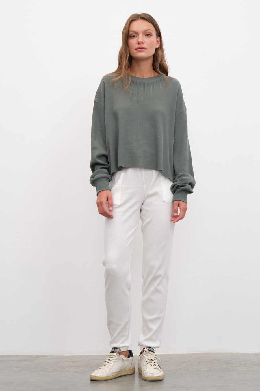 Oversized, crop sweatshirt, perfect for layering or wearing solo, made from our custom-made waffle cotton fabric.
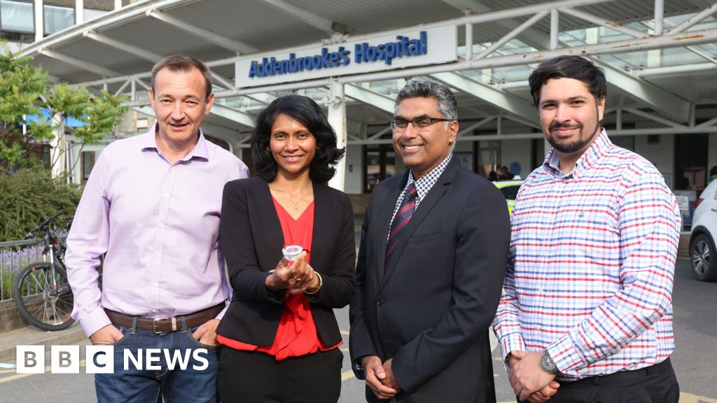 Cambridge University Hospitals NHS Foundation Trust )Dr Alex Samoshkin, Professor Sohini Kar-Narayan, Affiliate Associate Professor Vikas Khanduja and Dr Jehangir Cama stand side by side outside Addenbrooke's Hospital. They are all smiling and looking directly at the camera. Cambridge University Hospitals NHS Foundation Trust
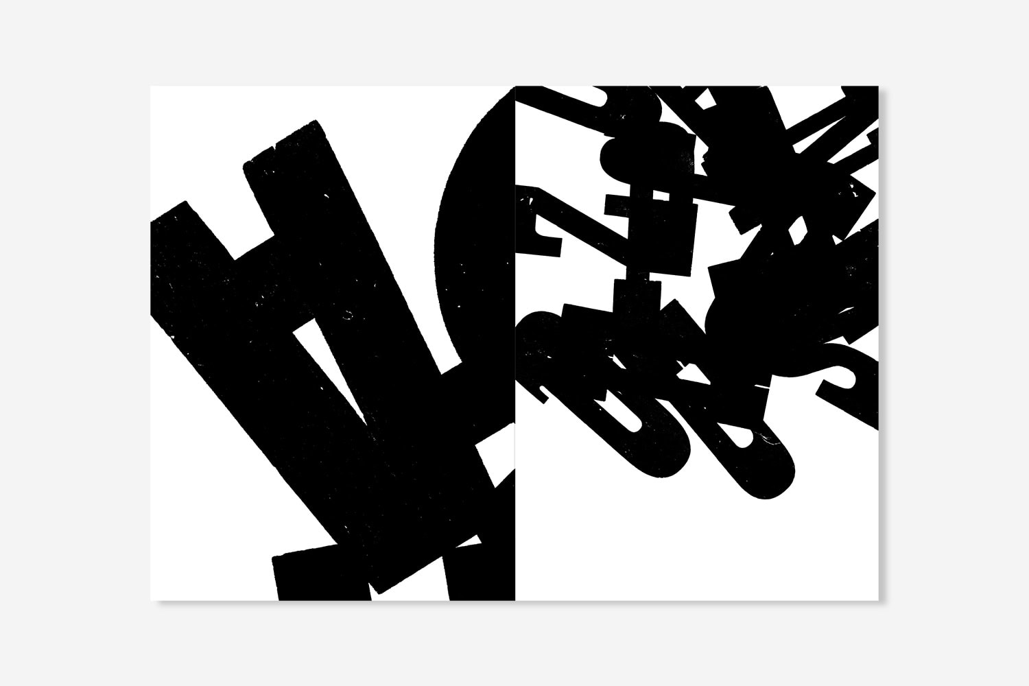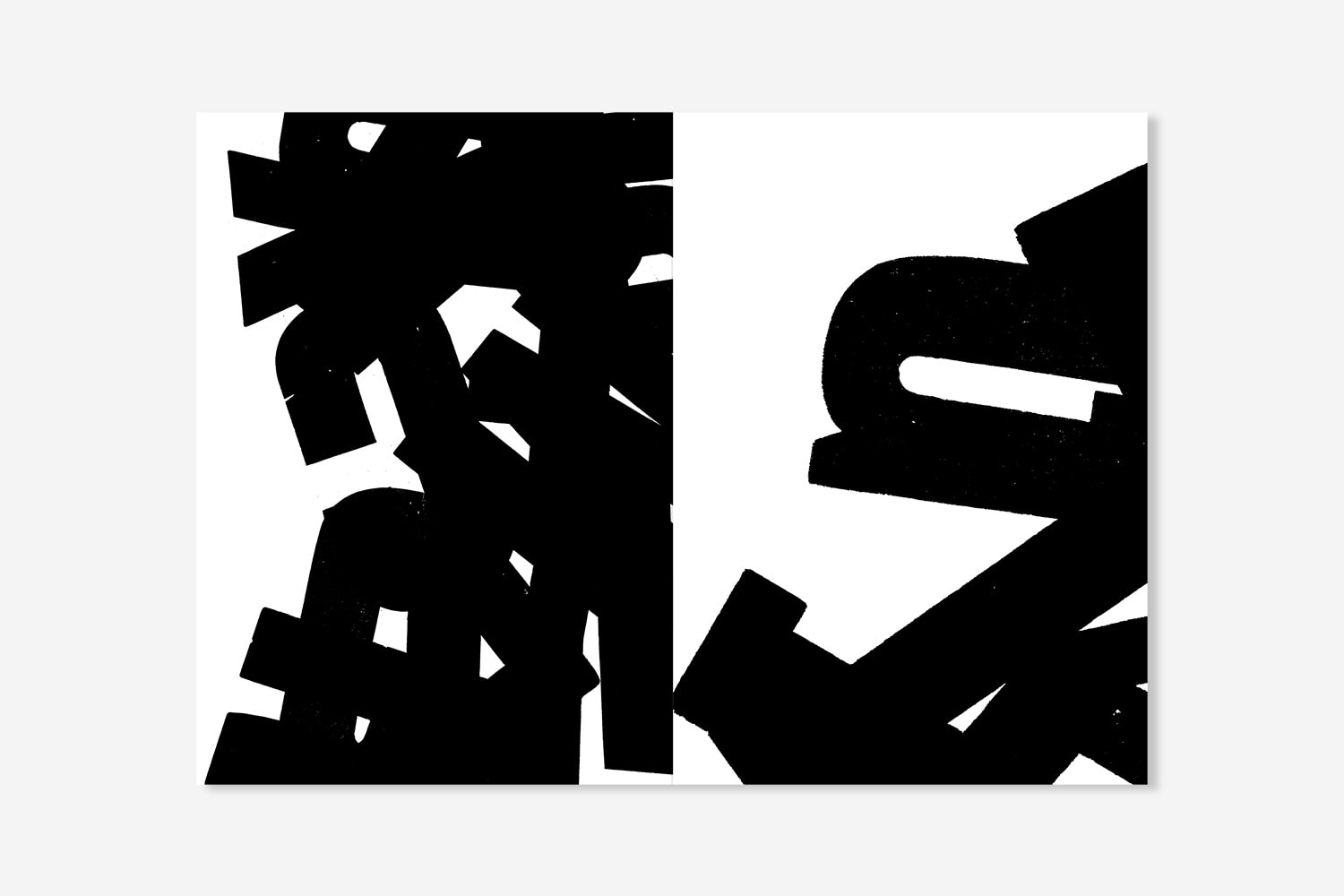Burrill and Tickler share an interest in type and its inherent abstract qualities. The duo discussed ways of utilising historic letterforms and coding to produce an automatic compositional system. The resulting publication questions typography and explores its use as an image making tool when unbound from the restrictions of language.
════
What is required → Quote in full the listing given above; the images are to be left out.

Solution to the exercise →
 Oversized, crop sweatshirt, perfect for layering or wearing solo, made from our custom-made waffle cotton fabric.
 Cambridge University Hospitals NHS Foundation Trust )Dr Alex Samoshkin, Professor Sohini Kar-Narayan, Affiliate Associate Professor Vikas Khanduja and Dr Jehangir Cama stand side by side outside Addenbrooke's Hospital. They are all smiling and looking directly at the camera. Cambridge University Hospitals NHS Foundation Trust
Burrill and Tickler share an interest in type and its inherent abstract qualities. The duo discussed ways of utilising historic letterforms and coding to produce an automatic compositional system. The resulting publication questions typography and explores its use as an image making tool when unbound from the restrictions of language.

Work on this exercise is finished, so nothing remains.